**To do:** Your answer must repeat all of the entries word for word, without any images.

### Records for this task ###

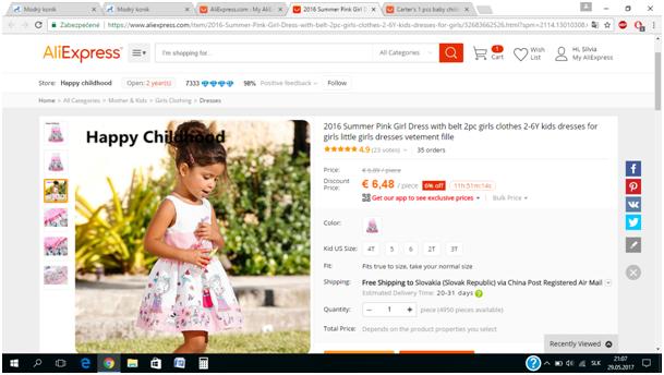 Objednala som súpravu pre dcérku z Bonprix za 11,99,- plus poštovné 2,99,- Eur. Krátko na to susedka kúpila z Aliexpress tú istú súpravu, to isté prevedenie a materiál za 4,56,- Eur bez poštovného poplatku - free shipping. Ako dôkaz fotky, že ide o tú istú súpravu. Úplne som ostala v šoku a napísala do Bonprix:
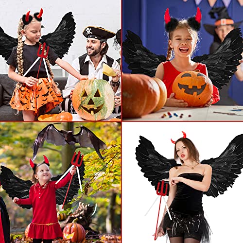 3 Pezzi Ali d Angelo,65 CM Ali d Angelo Decorazione,Ali d Angelo Nere,Ali di Angelo di Piume,Ali Angelo Carnevale,Ali d Angelo Grandi Nere,Corna del Diavolo,Tridente Diavolo(Nero)
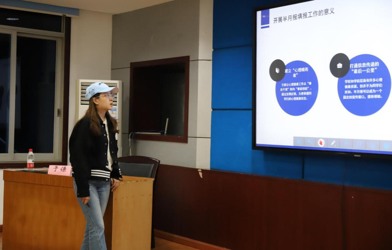 随后,心助会李雨霏同学针对“半月报”的填报流程和注意事项对生心委员进行业务培训,强调生心委员要秉持认真负责、实事求是的工作态度按时完成报送任务。
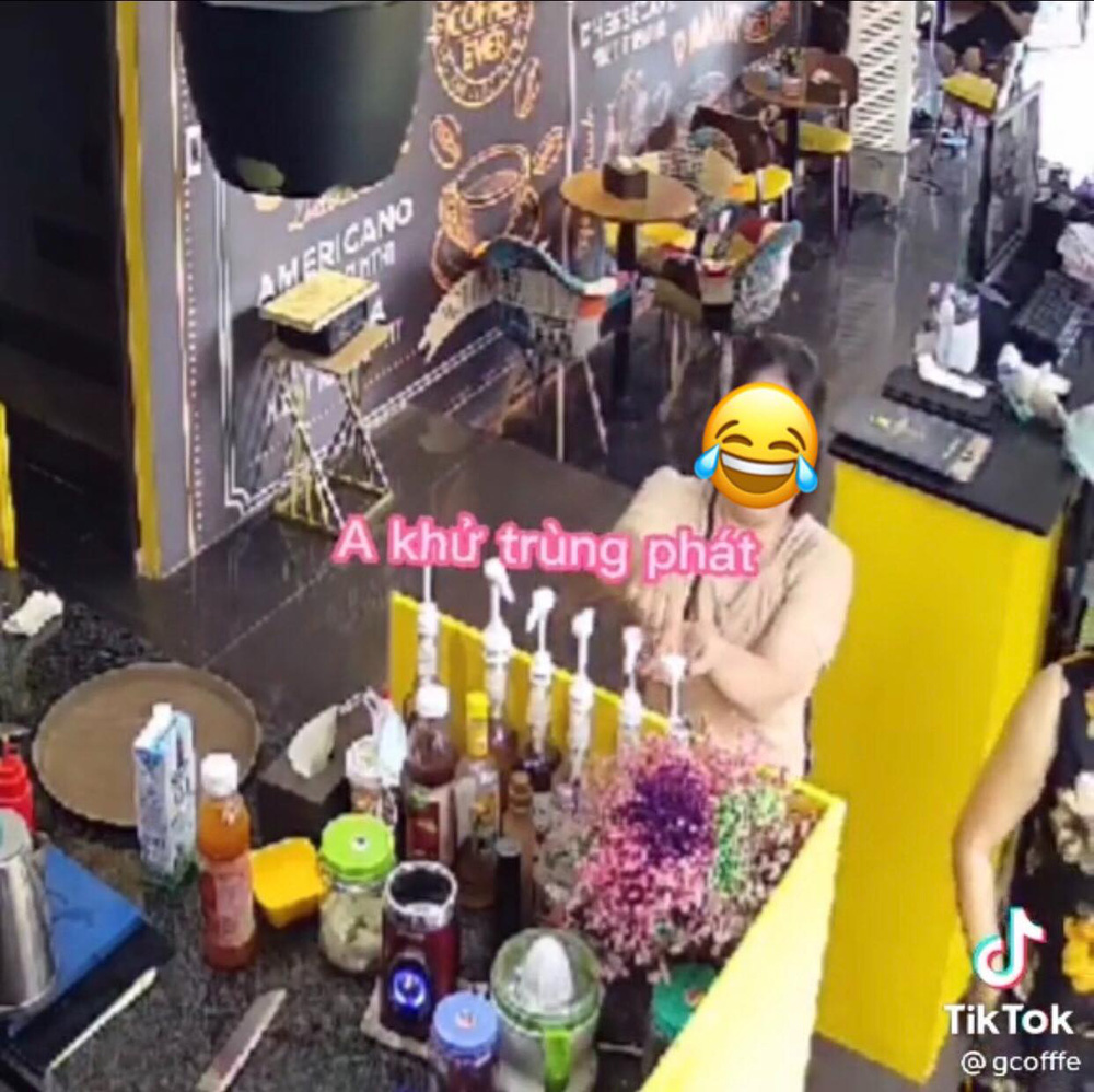 Dẫu vậy cũng chính vì thói quen với chai nước rửa tay mà mới đây, một đoạn clip được trích xuất từ camera an ninh của một tiệm cà phê ở Lào Cai đã khiến dân mạng bật cười.
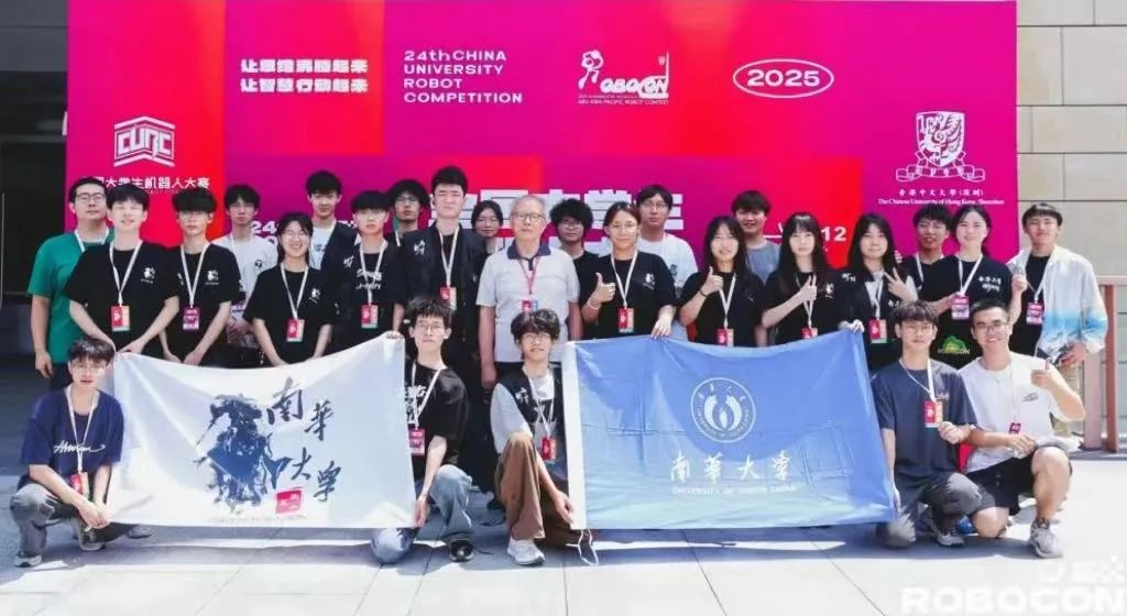 8月5日至12日,南华大学“衡山π”机器人战队,在全国大学生机器人ROBOCON年度赛事中一举斩获4项全国一等奖、4项全国二等奖、1项全国三等奖以及“足式全能奖”、“足式最佳设计奖”“优秀指导老师奖”共计12项荣誉,取得了创队以来的最佳战绩。从2016年秋科创楼木桌前许下为校争光的青春誓言到2025年深圳赛场的荣耀绽放,南华大学“衡山π”机器人战队用九年时光书写了一段从无到有的奋斗传奇。让全国大学生见证了南华学子的卓越风采与昂扬意气。
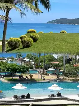 4️⃣ Coral Bay Mandarin Oriental: The ceiling in the public area, the pool, lawn, sea swing, hotel logo, and stone gate are all super beautiful. The rooms are a bit old but very clean and comfortable to stay in. The hotel also offers a wide range of water activities to experience. (P9-12)
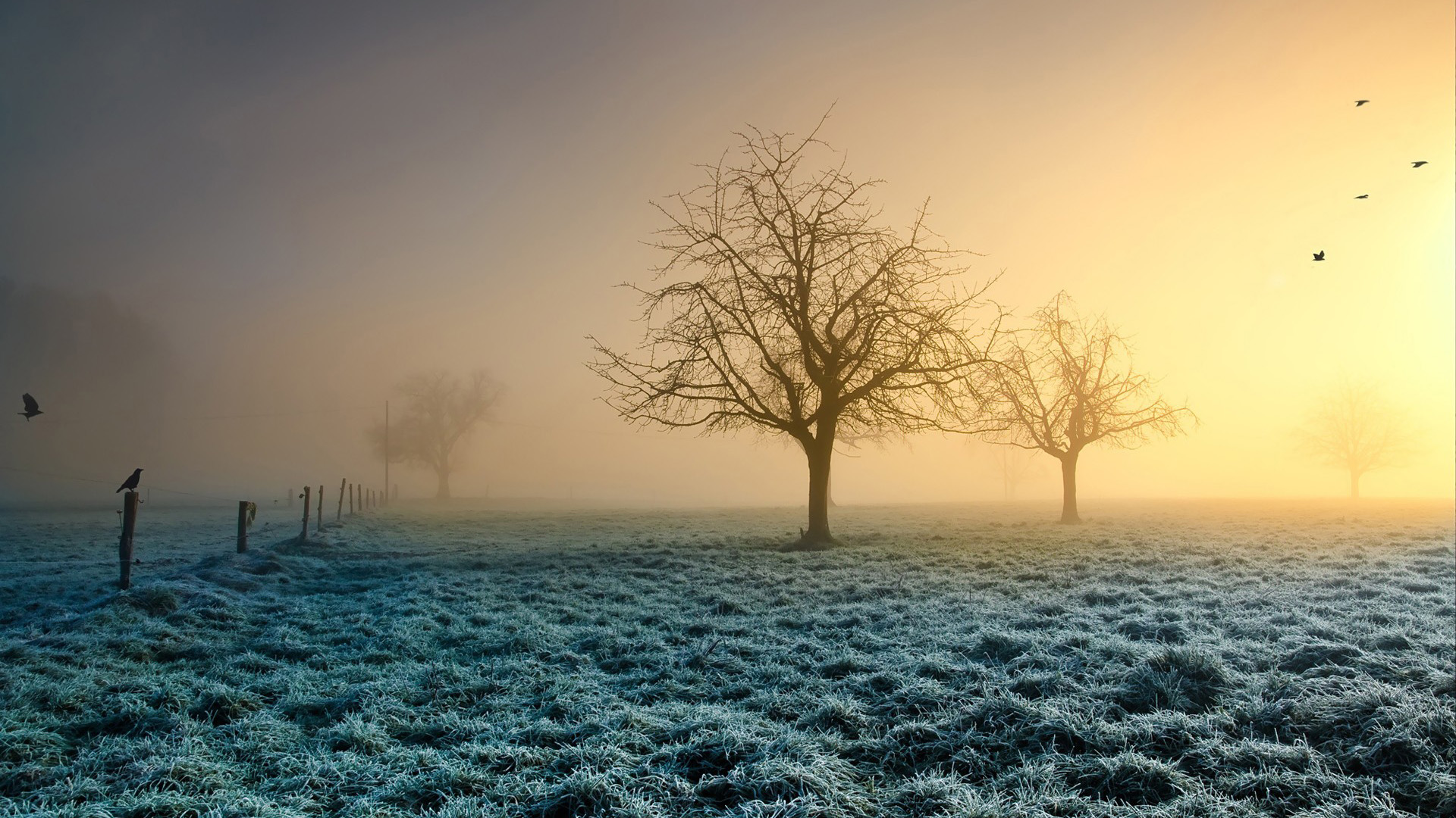 冬天森林树木雪地风景免费电脑壁纸下载
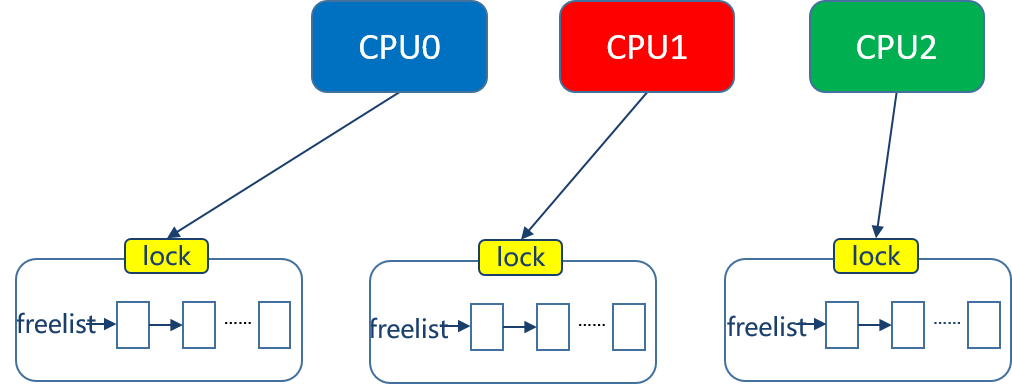 修改空闲内存链表就是freelist,现在我们要减少锁的争抢, 使每个CPU核使用独立的链表 ,而不是现在的共享链表。这样等分,就不会让所有的CPU争抢一个空闲区域。注意:每个空闲物理页只能存在于一个freelist中。
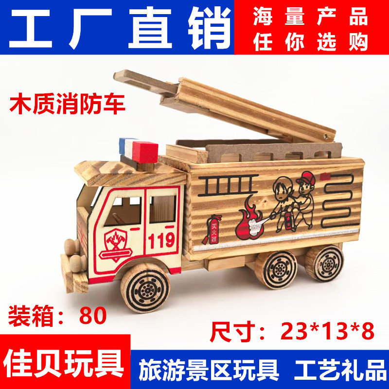 도매 나무 모델 컬러 소방차 기차 장식 화재 홍보 아름다운 뜨거운 판매 어린이 장난감스토어 가기
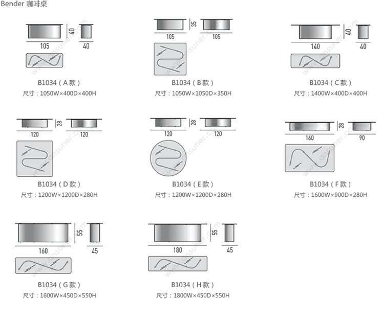 Bender 咖啡桌 系列尺寸/示意图
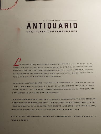 Read moreBased on a very interesting concept - old antique shop, this restaurant attracted us whilst we stopped over in Tristie as part of our European driving trip. We were able to bring our dog in as the restaurant is dog-friendly, which was excellent. The bread was served cold - if it was warm it would be better. I had three courses - cod chopstick as starter, pork rib as main and apple pie as dessert. Whilst the menu was fancy, I found all three of my dishes/courses average. I couldn't taste much of cod in the cod chopstick to be honest. The pork rib wasn't very nice I am afraid. The apple pie wasn't particularly tasty either. My partner had mozarella as starter and beef shoulder as main. They were actually very good. The service from the waitress was outstanding - well done! I really like the story about the restaurant and I feel if certain dishes can be revised and improved this would be a very...
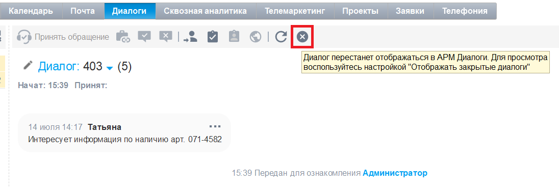 Изменится статус на «Закрыт», и он пропадет из АРМ Диалоги Чтобы посмотреть его повторно, необходимо в фильтре выбрать настройку «Отображать закрытые».
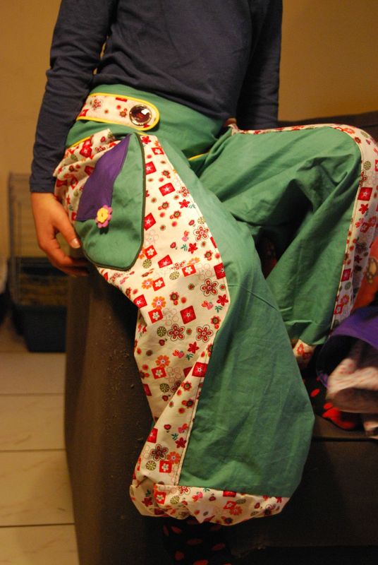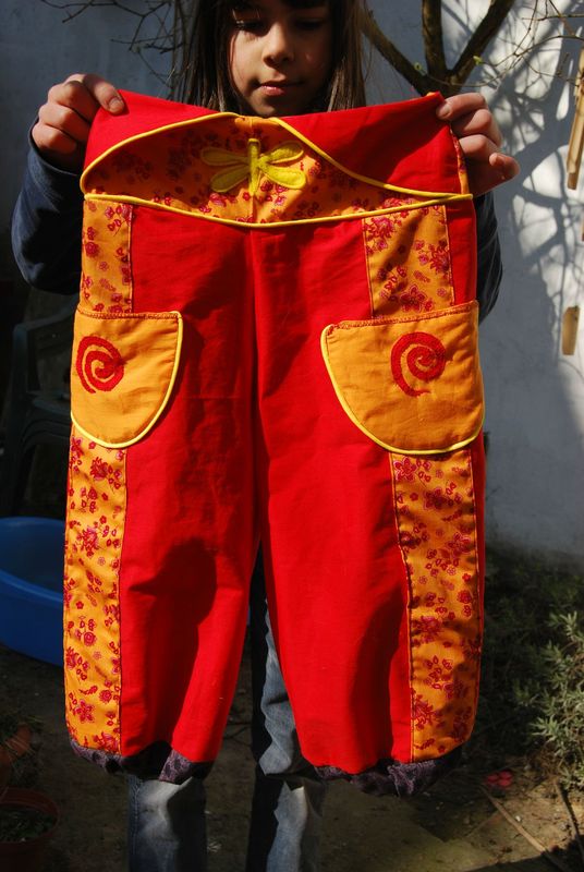 Voici un petit pantalon que j’ai inventé pour ma petite canaille. Mais celle ci ne veut pas le mettre…Donc pas de photo d’elle qui le porte. Peut être plus tard.
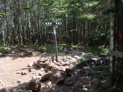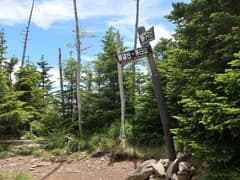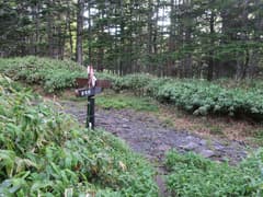 針葉樹林と笹原に覆われたなだらかな頂を越える。この頂上部には樹林に囲まれた小さな池がある。緩斜面を下り、尾根筋が少しはっきりした登りに転じる。途中、「からまつ尾根コース」の古いプレートを見る。右側がカラマツ林となった短い坂を登ると、八柱山の頂上に着く。
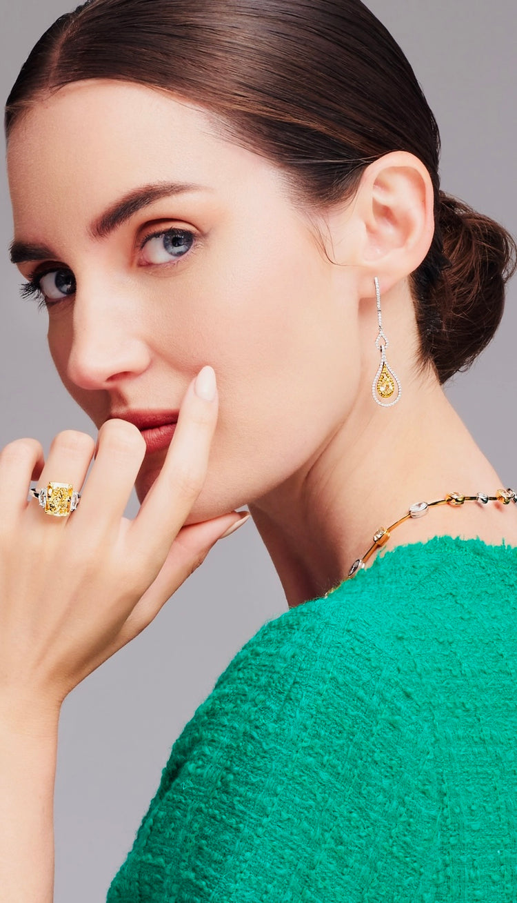 Embrace the beauty of the rainbow in these diamonds, and let their sparkle illuminate your life. The Fancy Yellow Diamond adds a vivacious yellow hue captures the warmth of the sun, while the Brilliant Round Pink Diamonds add a vibrant and feminine touch.
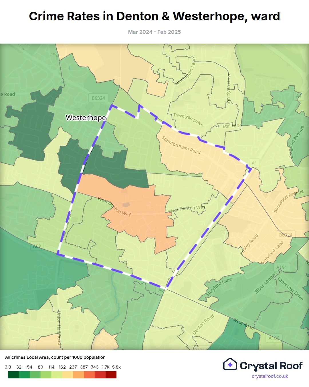 Denton & Westerhope, (ward) includes areas with the following crime ratings (see map):

###

**Exercise output:**
 Objednala som súpravu pre dcérku z Bonprix za 11,99,- plus poštovné 2,99,- Eur. Krátko na to susedka kúpila z Aliexpress tú istú súpravu, to isté prevedenie a materiál za 4,56,- Eur bez poštovného poplatku - free shipping. Ako dôkaz fotky, že ide o tú istú súpravu. Úplne som ostala v šoku a napísala do Bonprix:
 3 Pezzi Ali d Angelo,65 CM Ali d Angelo Decorazione,Ali d Angelo Nere,Ali di Angelo di Piume,Ali Angelo Carnevale,Ali d Angelo Grandi Nere,Corna del Diavolo,Tridente Diavolo(Nero)
 随后,心助会李雨霏同学针对“半月报”的填报流程和注意事项对生心委员进行业务培训,强调生心委员要秉持认真负责、实事求是的工作态度按时完成报送任务。
 Dẫu vậy cũng chính vì thói quen với chai nước rửa tay mà mới đây, một đoạn clip được trích xuất từ camera an ninh của một tiệm cà phê ở Lào Cai đã khiến dân mạng bật cười.
 8月5日至12日,南华大学“衡山π”机器人战队,在全国大学生机器人ROBOCON年度赛事中一举斩获4项全国一等奖、4项全国二等奖、1项全国三等奖以及“足式全能奖”、“足式最佳设计奖”“优秀指导老师奖”共计12项荣誉,取得了创队以来的最佳战绩。从2016年秋科创楼木桌前许下为校争光的青春誓言到2025年深圳赛场的荣耀绽放,南华大学“衡山π”机器人战队用九年时光书写了一段从无到有的奋斗传奇。让全国大学生见证了南华学子的卓越风采与昂扬意气。
 4️⃣ Coral Bay Mandarin Oriental: The ceiling in the public area, the pool, lawn, sea swing, hotel logo, and stone gate are all super beautiful. The rooms are a bit old but very clean and comfortable to stay in. The hotel also offers a wide range of water activities to experience. (P9-12)
 冬天森林树木雪地风景免费电脑壁纸下载
 修改空闲内存链表就是freelist,现在我们要减少锁的争抢, 使每个CPU核使用独立的链表 ,而不是现在的共享链表。这样等分,就不会让所有的CPU争抢一个空闲区域。注意:每个空闲物理页只能存在于一个freelist中。
 도매 나무 모델 컬러 소방차 기차 장식 화재 홍보 아름다운 뜨거운 판매 어린이 장난감스토어 가기
 Bender 咖啡桌 系列尺寸/示意图
 Read moreBased on a very interesting concept - old antique shop, this restaurant attracted us whilst we stopped over in Tristie as part of our European driving trip. We were able to bring our dog in as the restaurant is dog-friendly, which was excellent. The bread was served cold - if it was warm it would be better. I had three courses - cod chopstick as starter, pork rib as main and apple pie as dessert. Whilst the menu was fancy, I found all three of my dishes/courses average. I couldn't taste much of cod in the cod chopstick to be honest. The pork rib wasn't very nice I am afraid. The apple pie wasn't particularly tasty either. My partner had mozarella as starter and beef shoulder as main. They were actually very good. The service from the waitress was outstanding - well done! I really like the story about the restaurant and I feel if certain dishes can be revised and improved this would be a very...
 Изменится статус на «Закрыт», и он пропадет из АРМ Диалоги Чтобы посмотреть его повторно, необходимо в фильтре выбрать настройку «Отображать закрытые».
 Voici un petit pantalon que j’ai inventé pour ma petite canaille. Mais celle ci ne veut pas le mettre…Donc pas de photo d’elle qui le porte. Peut être plus tard.
 針葉樹林と笹原に覆われたなだらかな頂を越える。この頂上部には樹林に囲まれた小さな池がある。緩斜面を下り、尾根筋が少しはっきりした登りに転じる。途中、「からまつ尾根コース」の古いプレートを見る。右側がカラマツ林となった短い坂を登ると、八柱山の頂上に着く。
 Embrace the beauty of the rainbow in these diamonds, and let their sparkle illuminate your life. The Fancy Yellow Diamond adds a vivacious yellow hue captures the warmth of the sun, while the Brilliant Round Pink Diamonds add a vibrant and feminine touch.
 Denton & Westerhope, (ward) includes areas with the following crime ratings (see map):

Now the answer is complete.